(Data items)
- Opening Delimiter -

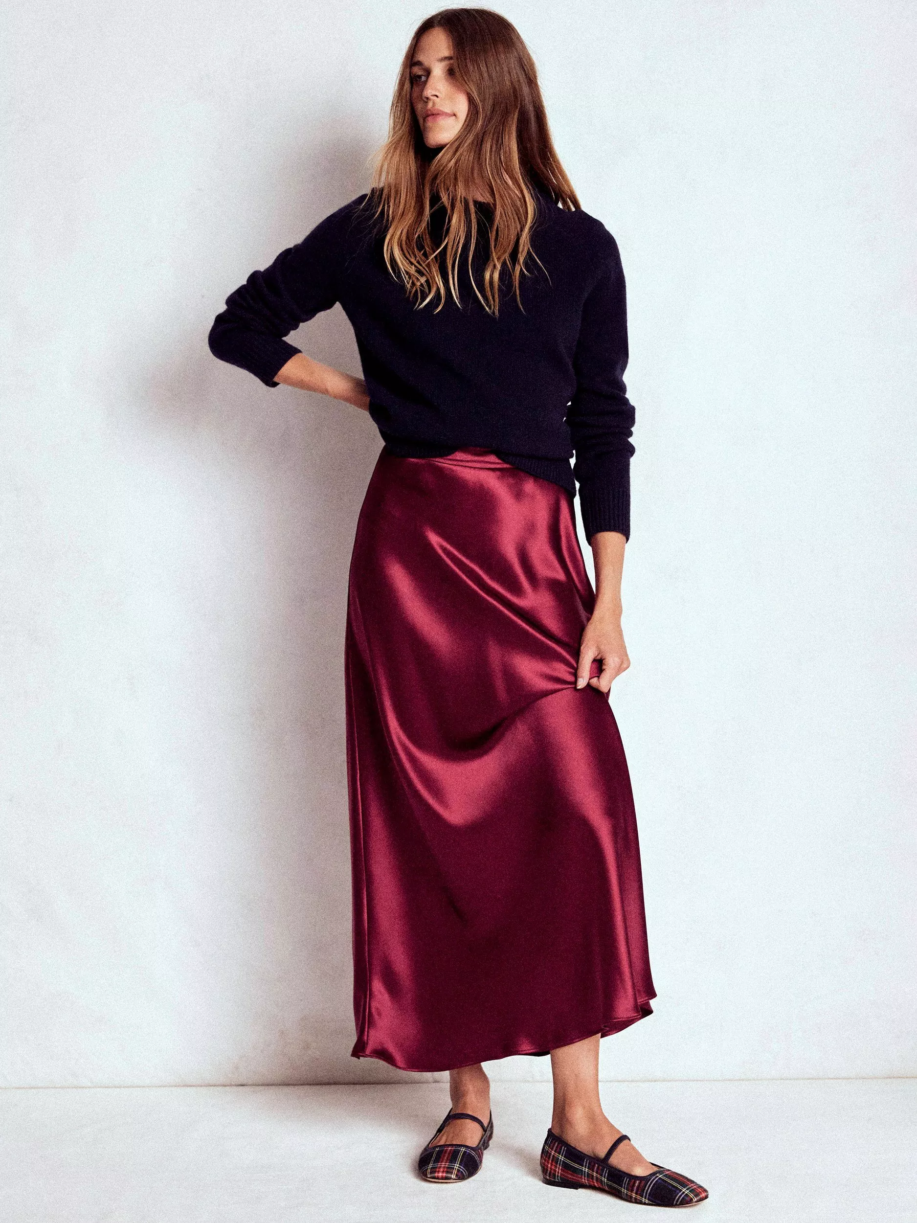 A maxi-length skirt from Boden. Flared gently from the waist, it fastens with a subtle hidden zip.
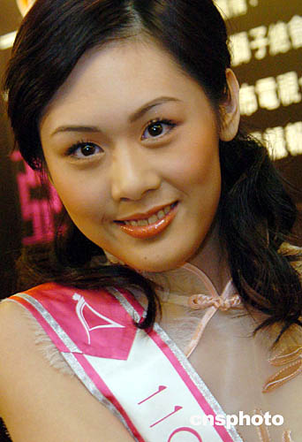 圖為選自香港的候選佳麗黃淑玲在發(fā)布會(huì)上展示風(fēng)采。
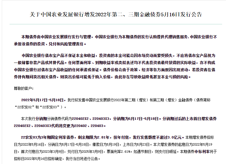 公告称:我行将于5月17日-5月18日发售中国农业发展银行2022年第二期(增发)和第三期(增发)金融债券(债券简称“22农发02”和“22农发03”)。
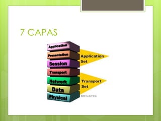 El documento describe el modelo de referencia de 7 capas de la comunicación, que abarca desde la capa física que involucra componentes de hardware y señales, hasta la capa de aplicación que ofrece servicios de red a aplicaciones de usuario. Cada capa tiene funciones específicas, como la transmisión de datos, el control de errores y la representación de información. Se detallan los componentes y funciones de cada capa, incluyendo ejemplos de protocolos utilizados.
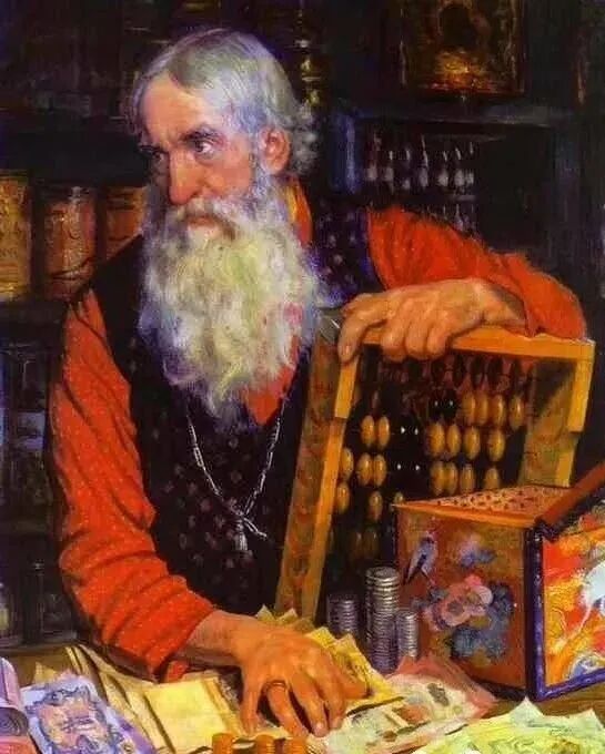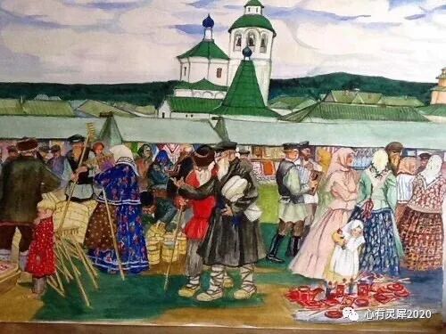 如《商人妻子的下午茶》,《莫斯科商人的聚餐》、《茶会》、《市集》、《美女》等,这些具有绚丽色彩装饰的作品,场面生动活泼有趣,给观赏者带来了很多快乐!
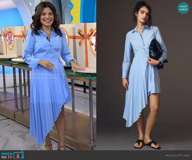 Adrianna Barrionuevo Brach on Today on NBC was spotted wearing this blue asymmetric pleated dress on Today on Oct 17 2023's episode. Adrianna's Dress is the Pleated Poplin Shirt Dress by Anthropologie.

- Closing Delimiter -

■ WORK REQUEST
Please print exactly the lines from the one holding "El documento describe" through the final line of the data above, including both, and skip all pictures.

■ YOUR SOLUTION
 El documento describe el modelo de referencia de 7 capas de la comunicación, que abarca desde la capa física que involucra componentes de hardware y señales, hasta la capa de aplicación que ofrece servicios de red a aplicaciones de usuario. Cada capa tiene funciones específicas, como la transmisión de datos, el control de errores y la representación de información. Se detallan los componentes y funciones de cada capa, incluyendo ejemplos de protocolos utilizados.
 如《商人妻子的下午茶》,《莫斯科商人的聚餐》、《茶会》、《市集》、《美女》等,这些具有绚丽色彩装饰的作品,场面生动活泼有趣,给观赏者带来了很多快乐!
 Adrianna Barrionuevo Brach on Today on NBC was spotted wearing this blue asymmetric pleated dress on Today on Oct 17 2023's episode. Adrianna's Dress is the Pleated Poplin Shirt Dress by Anthropologie.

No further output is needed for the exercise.